Rob took hold of the sheet, and as it billowed out between them, a memory rose up before him: his father standing out in the yard, holding his gun up to the sky, taking aim at a bird.
“You think I can hit it?” his father said. “You think I can hit that itty-bitty bird?”
“Robert,” his mother said, “what do you want to shoot that bird for?”
“To prove I can,” said his father.
There was a single crack and the bird was suspended in midair, pinned for a moment to the sky with his father’s bullet. Then it fell.
“Oh, Robert,” his mother said.
It hurt the back of Rob’s throat to think about that now, to think about the gun and his mother and the small thud the bird made when it hit the ground.
“I know something that’s in a cage,” said Rob, pushing the words past the tightness in his throat.
Willie May nodded her head, but she wasn’t listening. She was looking past Rob, past the white sheet, past the laundry room, past the Kentucky Star.
“Who don’t?” she said finally. “Who don’t know something in a cage?”
After that, they folded the sheets in silence. Rob thought about the bird and how when he had finally found its small still-warm body, he had started to cry.
His father told him not to.
“It ain’t nothing to cry over,” he’d said. “It’s just a bird.”
Rob was sweeping the cement walkway in front of the Kentucky Star rooms when Beauchamp pulled up in his red jeep and honked the horn.
“Hey there,” he hollered. Beauchamp was a large man with orange hair and an orange beard and a permanent toothpick in the side of his mouth. The toothpick waggled as he talked, as if it was trying to make a point of its own. “We got you on the payroll now, too?” Beauchamp shouted.
“No, sir,” said Rob.
“All right,” hooted Beauchamp. He hopped out of the jeep. “Got you working for free. That’s what I like to hear.”
“Yes, sir,” said Rob.
“Ain’t you supposed to be in school? Or you done graduated already?” The gold chains buried deep in Beauchamp’s orange chest-hair winked at Rob.
“I’m sick,” said Rob.
“Sick and tired of school, right?” He slapped Rob on the back. “Don’t got a mama putting down the rules for you, do you? Get to make your own rules. Not me,” said Beauchamp. He jerked his head in the direction of the motel office, where his mother, Ida Belle, worked the front desk.
He winked at Rob and then looked to the left, then right. “Look here,” he said in a quieter voice. “I’ve got me a number of deals going on right now, a few more than I can properly handle. I wonder if a smart boy like yourself wouldn’t be looking for a way to pick up some extra spending money.”
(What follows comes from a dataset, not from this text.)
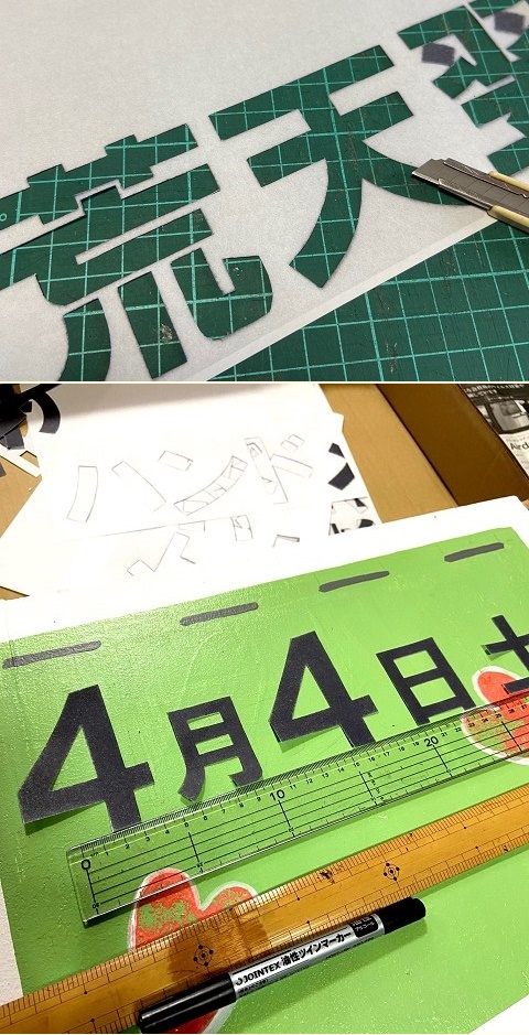 仕方なく、手間が掛かるのを覚悟で、文字を印刷して切り抜くことにしました。

He didn’t wait for Rob to answer.
“Let me tell you what I got cooking. You like animals?”
Rob nodded.
“Course you do,” said Beauchamp, nodding with him. “What boy don’t? You like wild animals?”
Rob’s heart skipped. He suddenly knew where Beauchamp was headed.
“I got me a wild animal,” said Beauchamp. “I got me a wild animal like you would not believe. Right here on my own property. And I got some plans for him. Big plans. But in the meantime, he needs some taking care of, some daily maintenance. You following me, son?”